No, violent enemies are in your home. Their choice to commit aggression, your choice to respond appropriately. There's absolutely no reason why a man should be forced to flee from his home merely because someone else has decided thug blood is worth more than his TV.
My TV is worth a dozen thugs, easily.
That's how you deter crime. You kill criminals and scare the living **** out of them with bullets and buckshot. And you deny those that happen to live access to the civil courts to sue their would be victim.
Their body, their choice. They choose to put their body in a someone's home where he has the right to defend himself with deadly force. If their bodies get injured or killed, it was their choice.
It's that simple.
Americans should not be forced to be simpering cowards merely because soft headed do gooders are worried about the lives of the damned criminals.
As far as I know the curriculum is not so rigid that gym teachers can't decide whether to teach football or tennis.
Too bad they have to hurt somebody before you want to do anything about it.
If somebody writes an editorial you don't like, all that happens is that you get angry for a while. When somebody does something stupid with a gun, an airplane or a car you die. See the difference?
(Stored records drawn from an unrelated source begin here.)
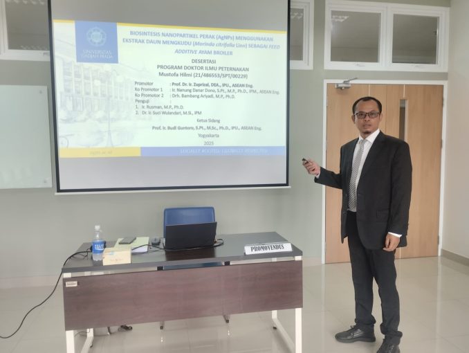 Mustofa Hilmi, mahasiswa Program Doktor Ilmu Peternakan Fakultas Peternakan Universitas Gadjah Mada (UGM), berhasil mengembangkan inovasi pakan unggas berbasis nanoteknologi ramah lingkungan. Dalam disertasinya berjudul “Biosintesis Nanopartikel Perak (AgNPs) Menggunakan Ekstrak Daun Mengkudu (Morinda citrifolia Linn) sebagai Feed Additive Ayam Broiler”, Mustofa membuktikan bahwa nanopartikel perak hasil ekstraksi daun mengkudu berpotensi menjadi alternatif pengganti antibiotik pada ayam broiler.
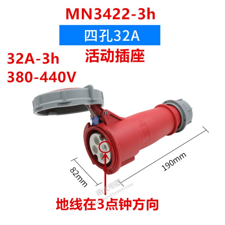 Refrigerated freezer container plug 4-core 32A-3h pier marine quad connector socket 380-440V-Taobao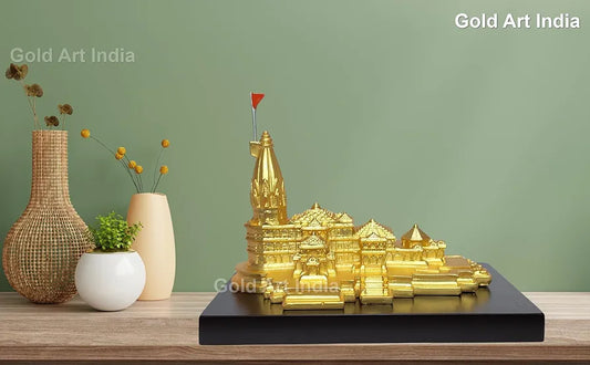 Gold Art India Ram Mandir Ayodhya Gold Plated Matte 24 Karat Minature Large

I understand why untrained people are not allowed to fly airplanes. What I don't understand is why untrained people are allowed to own lethal weapons.
Come on. That isn't even an argument. Can't you come up with something better than that; something that actually gives a good reason why things should be as they are?
You're totally right.
You can't outlaw idiocy and that is why we should make sure idiots are not allowed to have guns in the first place.
The death penalty certainly did not prevent the inmates on death row from doing the crimes that got them there.
Americans are virtually alone in thinking gun ownership for untrained idiots is a human right.
It is extremely rare that burglars become violent, whether it is in societies with guns everywhere or in societies with responsible gun laws.
That is a very callous way to think about human lives.
Neither should Americans live in a society with a ready supply of guns for criminals, psychopaths and idiots. They deserve more safety.
No, thank you, I think that, as imperfect as it is, I prefer the present status quo to letting government get it's foot in that door. Especially since firearm accidents have been on the decline for a long time anyway.
The "slippery slope fallacy" does not apply if the slope is greased and you're being pushed.
At any rate, if it is a "fallacy", there are a number of states already practicing that fallacy in the way they handle concealed carry permits under their "discretionary issue" policy.